2012年3月31日現在のシャープの純資産は6,451億円、繰延税金資産残高は1350億円です。

2013年3月期 通期の業績を、会社は8月2日に、売上高は2兆5,000億円、営業利益はマイナス1,000億円、経常利益はマイナス1,400億円、当期純利益は、構造改革費用などの特別損失を織り込みマイナス2,500億円と予想を修正しています。

業績予想に繰延税金資産の取り崩しをどの程度見込んでいるかは不明ですが、仮に全く織り込まれていないとすると、当期純利益のマイナスは取り崩し分だけさらに膨らむ可能性があります。仮に1350億円全額が取り崩されるすると、自己資本比率は10%近くまで低下するため、資本増強は不可避ということになります。

繰延税金資産が取り崩しされるか否かは、繰延税金資産の回収可能性の有無によって判断されます。

繰延税金資産の回収可能性の判断において、収益力に基づく課税所得の十分性が問題となります。収益力に基づく課税所得の十分性は、将来減算一時差異の解消年度ないし税務上の繰越欠損金の繰越期間において課税所得が発生する可能性が高いと見込まれるか否かにより判断されます(簡単に言うと、今よけいに収めている税金は将来の支払税額の減額という形で返してもらうことになるが、将来課税所得が出なければ、そもそも税金を払わないので税額の減額もできないので税金を返してもらうこともできない。したがって、合理的に課税所得の発生が見込まれる範囲でしか資産計上できない、ということです)。

将来の課税所得の合理的な見積りに関して実務上の指針となるのが、監査委員会報告第66号「繰延税金資産の回収可能性の判断に関する監査上の取扱い」(以下、委員会報告66号)です。

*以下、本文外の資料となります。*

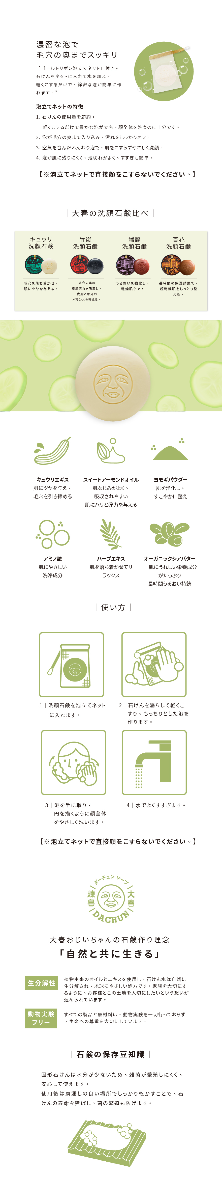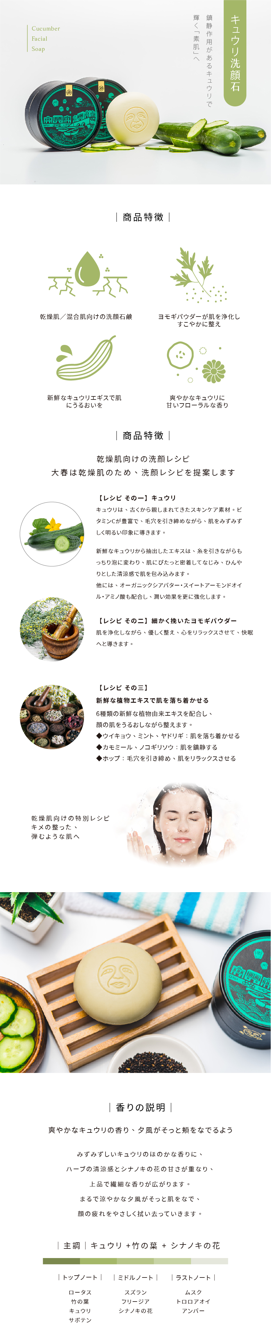 | 主成分:パーム油、パーム核油、アミノ酸、オーガニックシアバター、スイートアーモンド油、ヨモギパウダー、キュウリエキス、ハーブ植物エキス |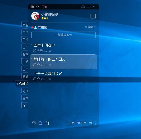 为了方便查看便签上记录的工作相关提醒,可以将敬业便签设置成窗口置顶,让便签一直保持在桌面的前端显示,实时查看便签上记录的工作相关内容,也可以将便签嵌入到电脑桌面上,返回电脑桌面即可查看便签内容。

委員会報告66号では、過去の業績等の状況を主たる判断基準として、会社の状況を代表的な五つの場合に分け、回収可能性を判断するに当たっての考え方を示しており、実務上は委員会報告66号に従い、将来の課税所得の合理的な見積りが行われています。

委員会報告に書かれている五つの場合のうち、シャープは以下の状況にあると思われます。

■重要な税務上の繰越欠損金が存在する会社
期末において税務上の繰越欠損金に重要性が存在する会社、過去(概ね3年以内)に重要な税務上の欠損金が期限切れとなったような会社または当期末において重要な税務上の欠損金の繰越期限切れが見込まれる会社は、通常、将来の課税所得を合理的に見積ることは困難であると判断される。従って、そのような会社においては、翌期の課税所得の発生が、確実に見込まれる場合であって、かつその範囲内において、翌期の一時差異のスケジューリング結果に基づき繰延税金資産を計上している場合には、当該繰延税金資産に回収可能性があるものと判断する。
ただし、税務上の繰越欠損金が、リストラを実施したなどの特別な要因に基づいて発生したものであり、それを除けば課税所得を毎期計上しているような場合は、将来の合理的な見積可能期間(概ね5年)内の課税所得を限度に繰延税金資産を計上することができる。

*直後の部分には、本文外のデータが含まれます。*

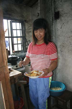 凌金弟在简陋的房子里,局促的厨房只放得下一个煤气灶。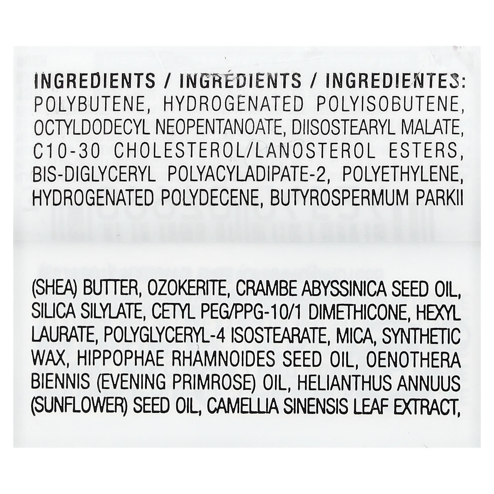 Полибутен, гидрогенизированный полиизобутен. октилдодецил неопентаноат, диизостеарил малат, эфиры холестерина/ланостерола c10-30, бис-диглицерил полиациладипат-2, полиэтилен, гидрогенизированный полидецен, масло ши (Butyrospermum parkii), озокерит, масло семян катрана абиссинского (Crambe abyssinica), силилат диоксида кремния, цетил ПЭГ/ППГ-10/1 диметикон, гексил лаурат, полиглицерил-4 изостеарат, слюда, синтетический воск, масло из семян облепихи рамновидной (Hippophae rhamnoides), масло примулы вечерней (Oenothera biennis), подсолнечное масло (Helianthus annuus), экстракт листьев зеленого чая (Camellia sinensis).

現状、ただし書きの状況にあるとの判断に基づき、5年内の課税所得の範囲で繰延税金資産を計上していると思われますが、会社が本文の状況にある(つまり損失はリストラ等により発生した一時的なものでない)と判断が変更されるなら、翌期の課税所得の範囲でしか繰延税金資産を計上できないということになります。

ゴールドマンはその可能性を指摘した上で、資本増強の必要性について言及したものと思われます(リポートを
見たわけではないので、あくまで推測です)。